Oct 3, 2021 - 1 ' read

Sum of Beauty in the Array

Problem Statement - link #

You are given a 0-indexed integer array nums. For each index i (1 <= i <= nums.length - 2) the beauty of nums[i] equals:

2, if nums[j] < nums[i] < nums[k], for all 0 <= j < i and for all i < k <= nums.length - 1.
1, if nums[i - 1] < nums[i] < nums[i + 1], and the previous condition is not satisfied.
0, if none of the previous conditions holds.

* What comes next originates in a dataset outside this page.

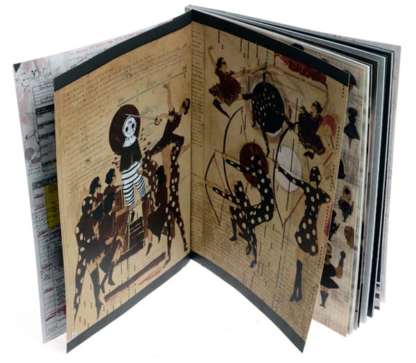 Because this catalogue lacks any kind of explanation, Behind the Curtain, as the title might suggest, is all the more playful and engaging, like the work itself. It’s clear that there are no “answers” to Dzama’s drawn narratives, no decipherable stories behind his photographs and yet we still engage with the work as we try to understand his mysterious characters and puzzling situations. Text enters into the catalogue in the form of comic book drawing strips and tiny, scribbled text in multiple languages layered behind the drawings. Because the text describes such complicated situations, and switches back and forth between French, Spanish and English, it feels as if it’s not meant to be read. Dzama’s catalogue seems to prove that sometimes monographs are helped, rather than hindered, by little to no explanation.
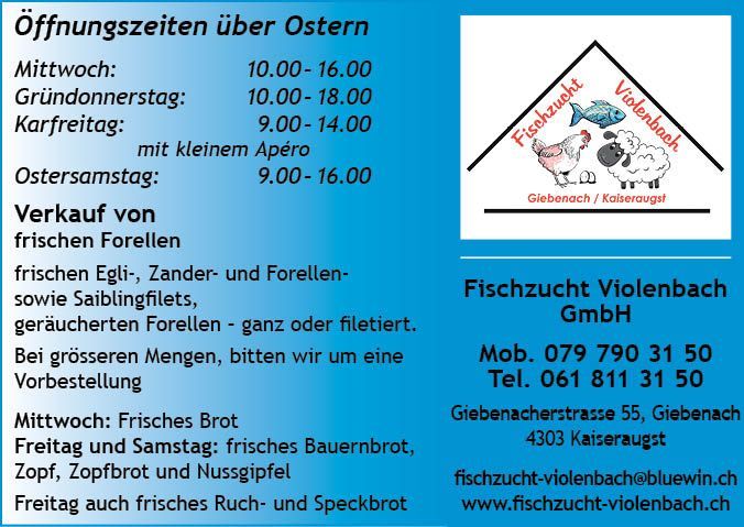 Unsere Forellenzucht liegt im idyllischen Giebenach / Kaiseraugst, nahe der deutschen Grenze.

Return the sum of beauty of all nums[i] where 1 <= i <= nums.length - 2.

Examples #

Example 1:

Input: nums = [1,2,3]
Output: 2
Explanation: For each index i in the range 1 <= i <= 1:
- The beauty of nums[1] equals 2

Example 2:

Input: nums = [2,4,6,4]
Output: 1
Explanation: For each index i in the range 1 <= i <= 2:
- The beauty of nums[1] equals 1.
- The beauty of nums[2] equals 0.

Example 3:

Input: nums = [3,2,1]
Output: 0
Explanation: For each index i in the range 1 <= i <= 1:
- The beauty of nums[1] equals 0.

Constraints #

3 <= nums.length <= 10^5
1 <= nums[i] <= 10^5

Solution #

class Solution {
public:
    int sumOfBeauties(vector<int>& nums) {
        int summ = 0;
        vector<bool> flags ;
        flags.push_back(true);
        int mx = nums[0], mn = nums[nums.size()-1];
        
        for(int i=1; i < nums.size()-1 ; i++){
            mx = max(mx,nums[i-1]);
            if(nums[i] > mx){
                flags.push_back(true);
            }else{
                flags.push_back(false);
            }
        }
        
        for(int i=nums.size()-2; i >0  ; i--){
    
            mn = min(mn,nums[i+1]);
            if(nums[i] < mn){
                flags[i] = (flags[i] && true);
            }else{
                flags[i] = false;
            }
            
            if(flags[i]){
                summ+=2;
            }else if(nums[i-1]<nums[i] && nums[i]<nums[i+1]){
                summ+=1;
            }
        }
        return summ;
    }
};